- [EXERCISE DIRECTIONS]: Your task is to restate word for word the lines in the material below, from the one with "Consulta ciudadana en" up to and including the one with "Simple and elegant, the". Do not carry over the pictures.

- [RECORDED DATA]:
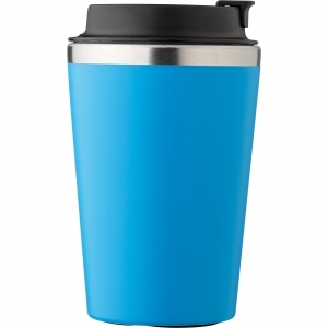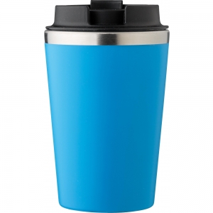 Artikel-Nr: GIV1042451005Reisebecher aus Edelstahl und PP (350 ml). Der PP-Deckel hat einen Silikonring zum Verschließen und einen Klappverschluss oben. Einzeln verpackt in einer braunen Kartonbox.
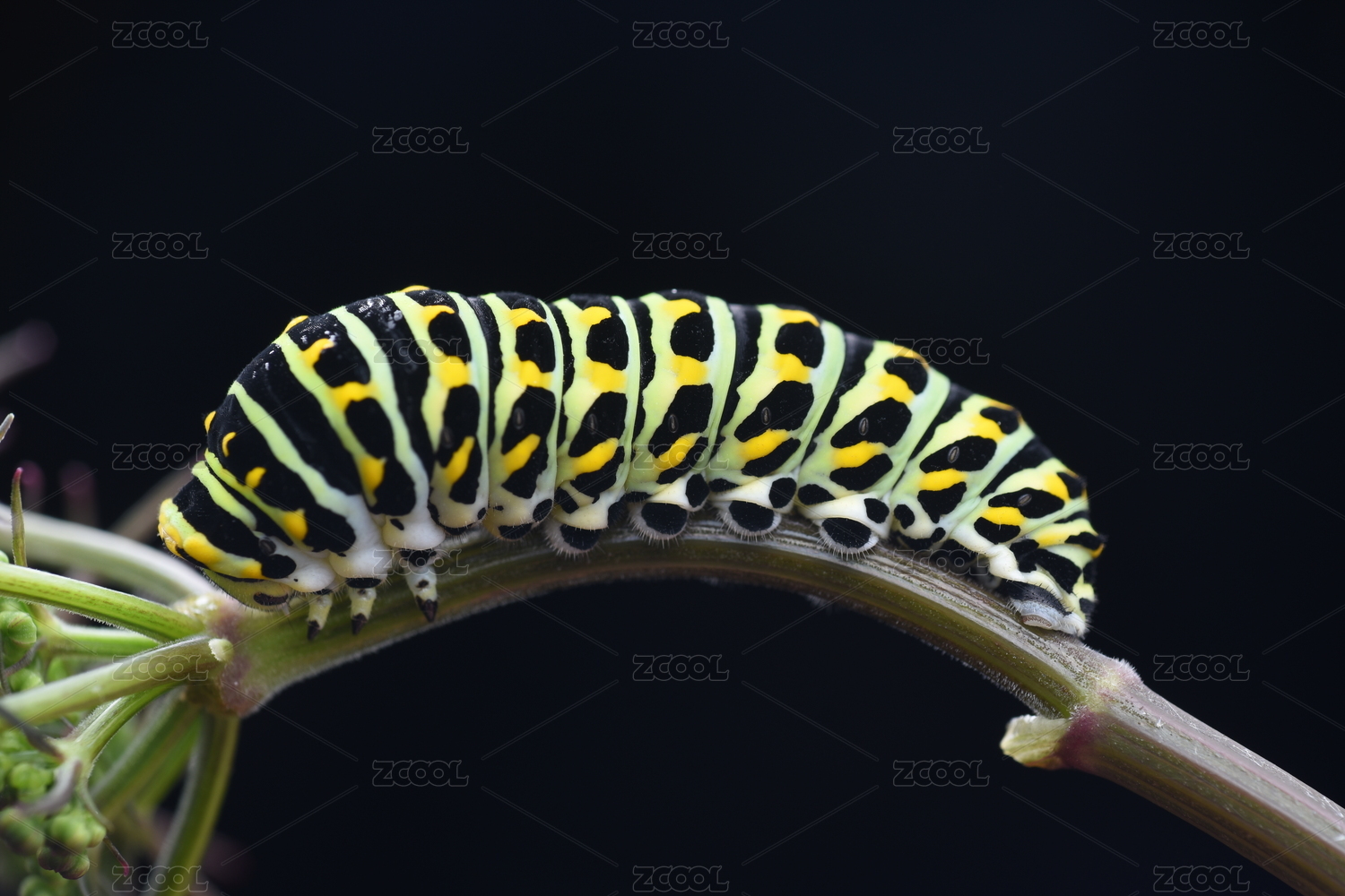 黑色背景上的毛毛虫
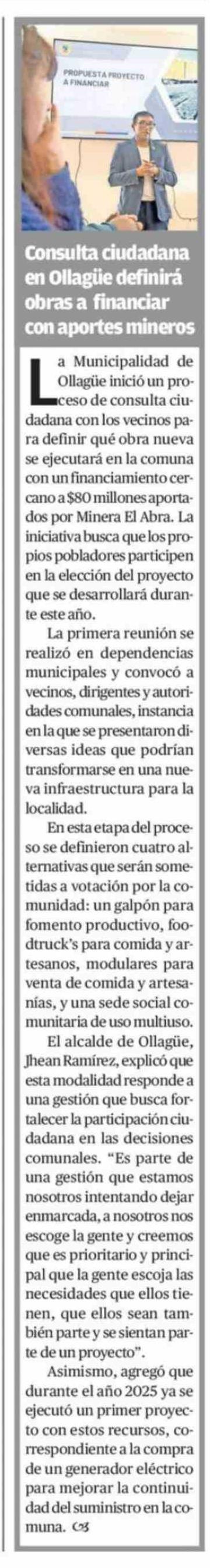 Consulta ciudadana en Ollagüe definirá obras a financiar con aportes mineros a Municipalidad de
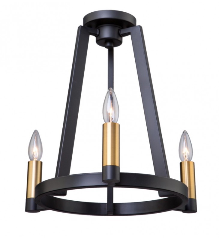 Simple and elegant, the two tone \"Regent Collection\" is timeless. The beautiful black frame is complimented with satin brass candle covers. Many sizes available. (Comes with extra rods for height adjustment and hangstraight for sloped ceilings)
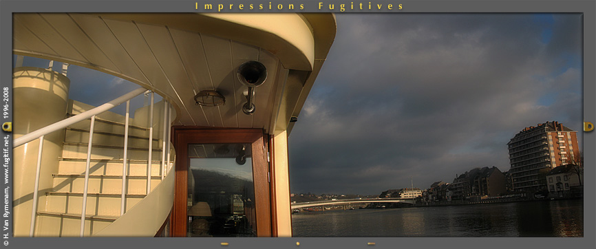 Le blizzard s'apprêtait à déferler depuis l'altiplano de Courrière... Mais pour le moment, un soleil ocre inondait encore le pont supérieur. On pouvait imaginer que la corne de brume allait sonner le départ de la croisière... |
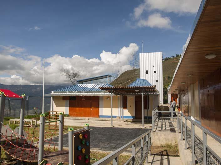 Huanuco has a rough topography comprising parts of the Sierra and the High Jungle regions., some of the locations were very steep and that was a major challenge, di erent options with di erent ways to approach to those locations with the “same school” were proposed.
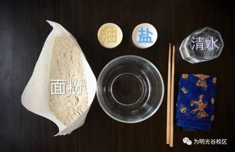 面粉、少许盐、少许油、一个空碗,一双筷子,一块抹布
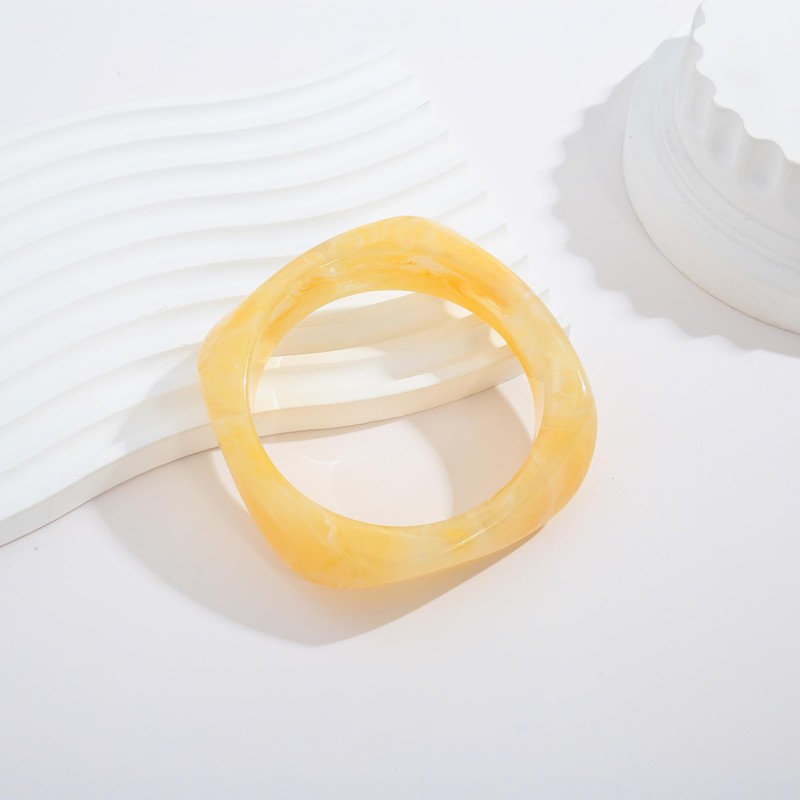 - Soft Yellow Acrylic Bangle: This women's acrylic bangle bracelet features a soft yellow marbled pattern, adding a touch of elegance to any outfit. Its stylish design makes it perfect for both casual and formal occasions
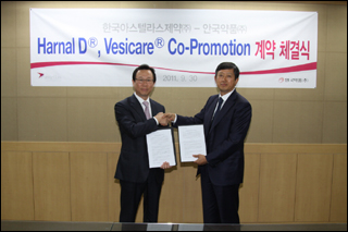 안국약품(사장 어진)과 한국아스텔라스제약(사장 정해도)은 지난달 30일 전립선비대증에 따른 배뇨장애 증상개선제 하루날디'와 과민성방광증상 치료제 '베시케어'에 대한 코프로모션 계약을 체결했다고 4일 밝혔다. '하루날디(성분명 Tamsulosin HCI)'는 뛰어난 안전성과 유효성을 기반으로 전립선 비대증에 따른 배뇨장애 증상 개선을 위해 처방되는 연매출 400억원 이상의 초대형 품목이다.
* * *
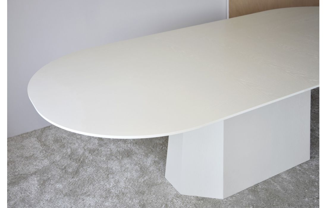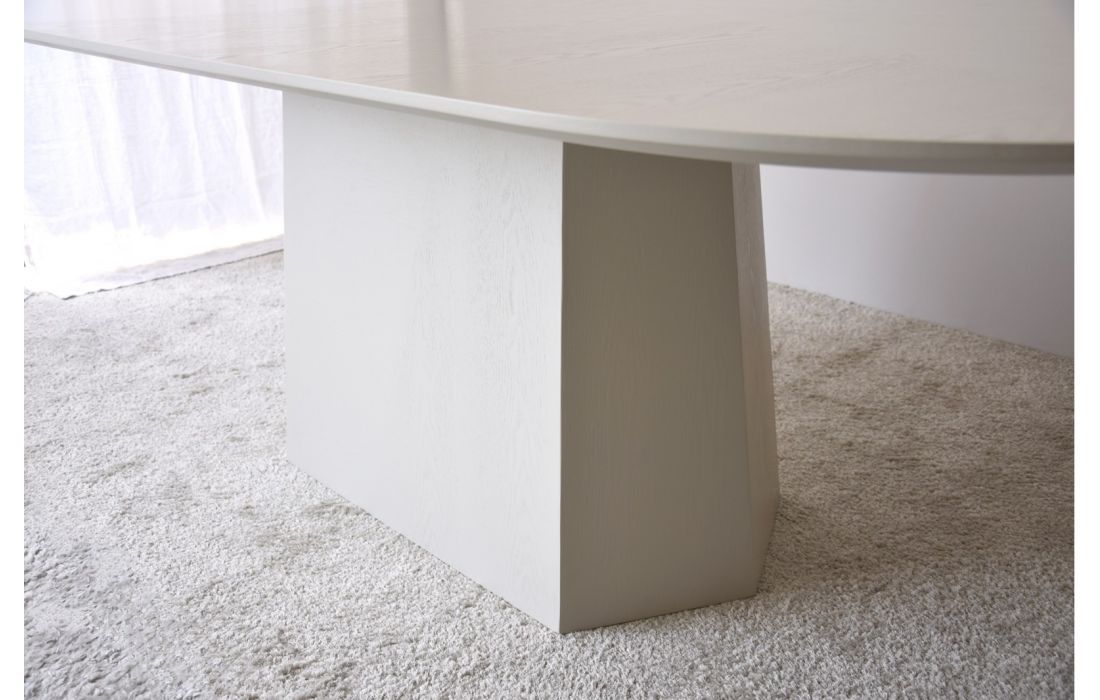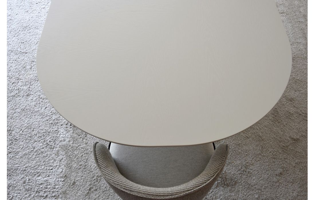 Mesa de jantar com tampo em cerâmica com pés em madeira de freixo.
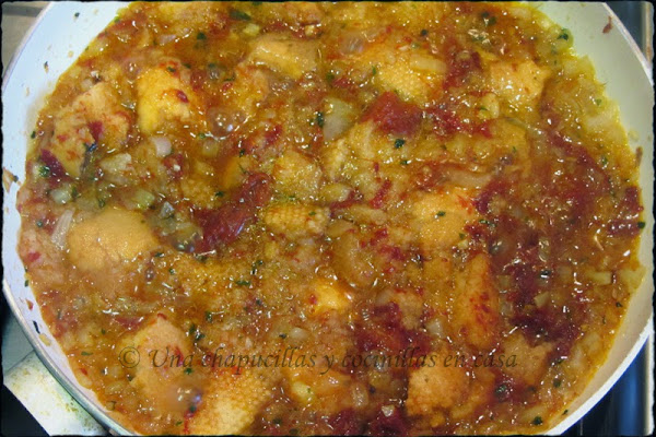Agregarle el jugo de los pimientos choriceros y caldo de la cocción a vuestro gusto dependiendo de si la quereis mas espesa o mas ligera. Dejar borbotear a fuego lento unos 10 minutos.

- [SOLVED PROBLEM]:
 Consulta ciudadana en Ollagüe definirá obras a financiar con aportes mineros a Municipalidad de
 Simple and elegant, the two tone \"Regent Collection\" is timeless. The beautiful black frame is complimented with satin brass candle covers. Many sizes available. (Comes with extra rods for height adjustment and hangstraight for sloped ceilings)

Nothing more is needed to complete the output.